Your output should be the lines from the one with "Old Nursery Classroom, now" through the end of the entries below, set down word for word and nothing else.

**** Data listing

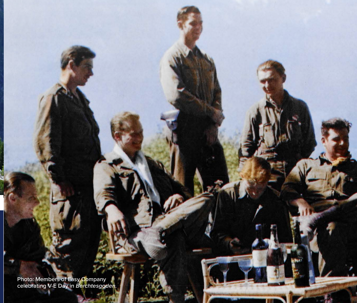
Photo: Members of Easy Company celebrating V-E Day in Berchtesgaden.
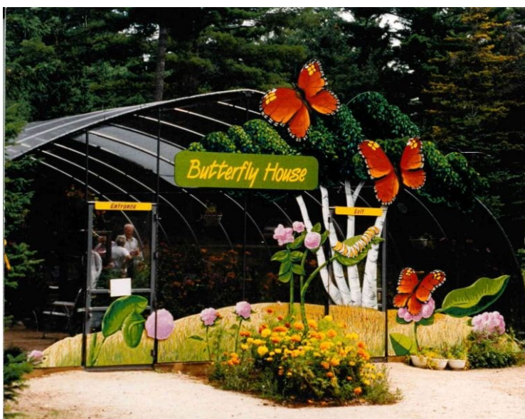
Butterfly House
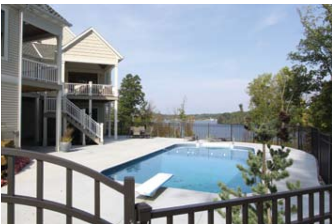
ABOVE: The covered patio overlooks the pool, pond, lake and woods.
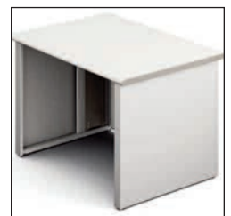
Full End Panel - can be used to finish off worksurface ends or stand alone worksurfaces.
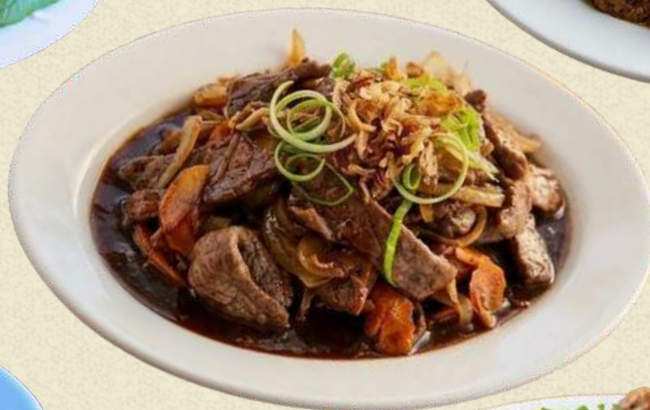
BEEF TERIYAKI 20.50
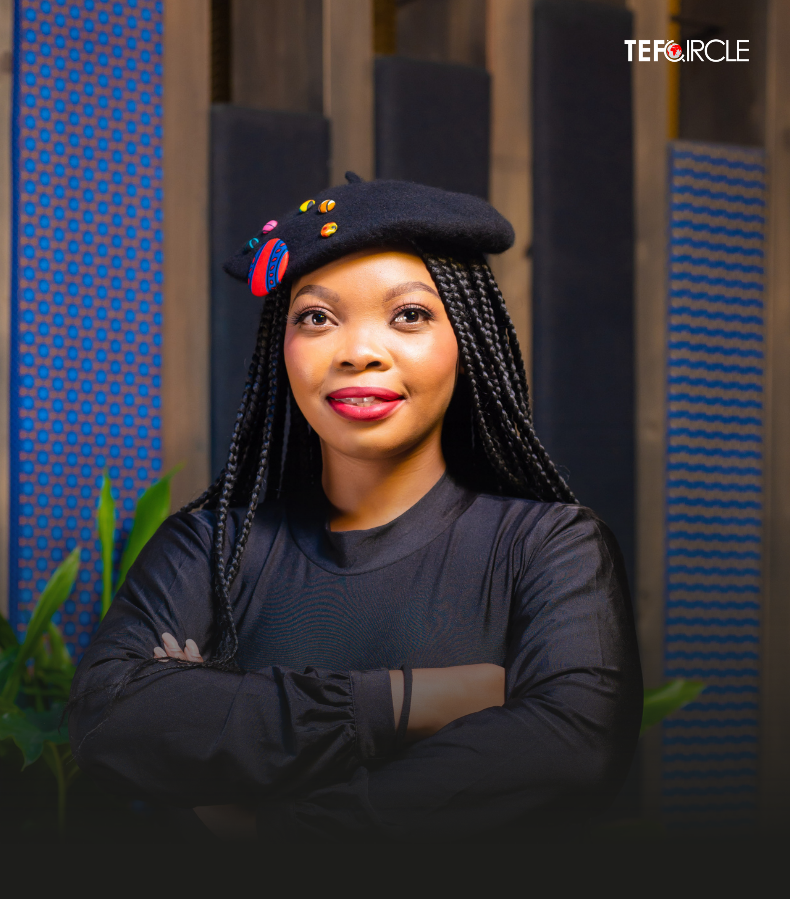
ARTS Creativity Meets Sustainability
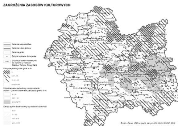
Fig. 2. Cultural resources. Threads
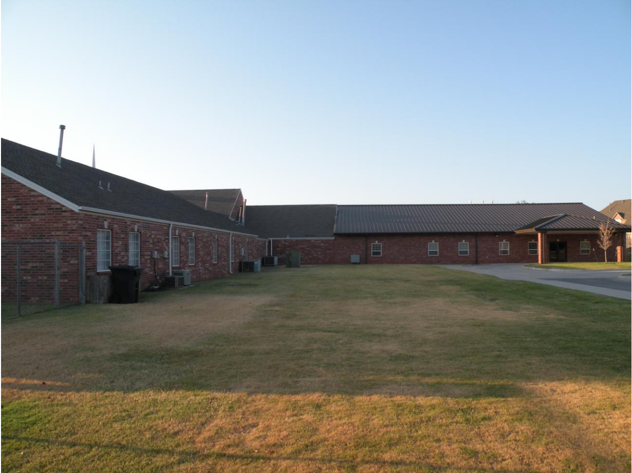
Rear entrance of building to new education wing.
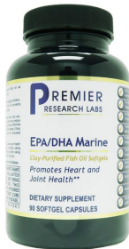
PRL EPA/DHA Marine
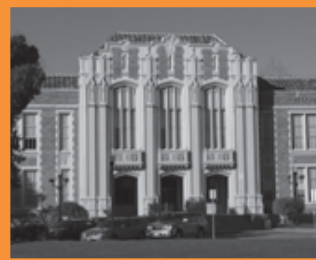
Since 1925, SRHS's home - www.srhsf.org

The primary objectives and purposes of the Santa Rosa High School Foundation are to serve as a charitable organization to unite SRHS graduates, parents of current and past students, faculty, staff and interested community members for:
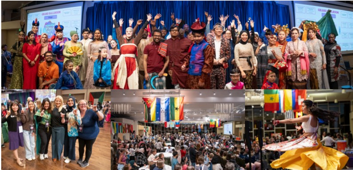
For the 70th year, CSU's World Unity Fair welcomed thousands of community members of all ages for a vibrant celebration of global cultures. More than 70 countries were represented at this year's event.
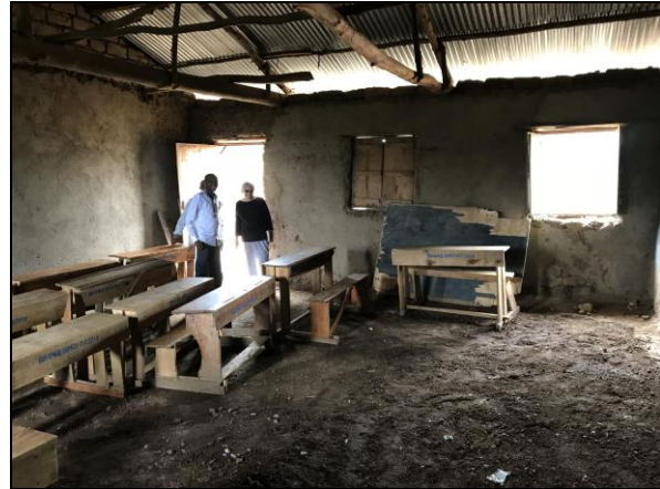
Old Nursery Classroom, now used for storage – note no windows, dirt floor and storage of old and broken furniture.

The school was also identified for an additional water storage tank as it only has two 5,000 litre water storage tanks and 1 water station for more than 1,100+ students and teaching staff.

********

◆ **Result of this task**
Old Nursery Classroom, now used for storage – note no windows, dirt floor and storage of old and broken furniture.

The school was also identified for an additional water storage tank as it only has two 5,000 litre water storage tanks and 1 water station for more than 1,100+ students and teaching staff.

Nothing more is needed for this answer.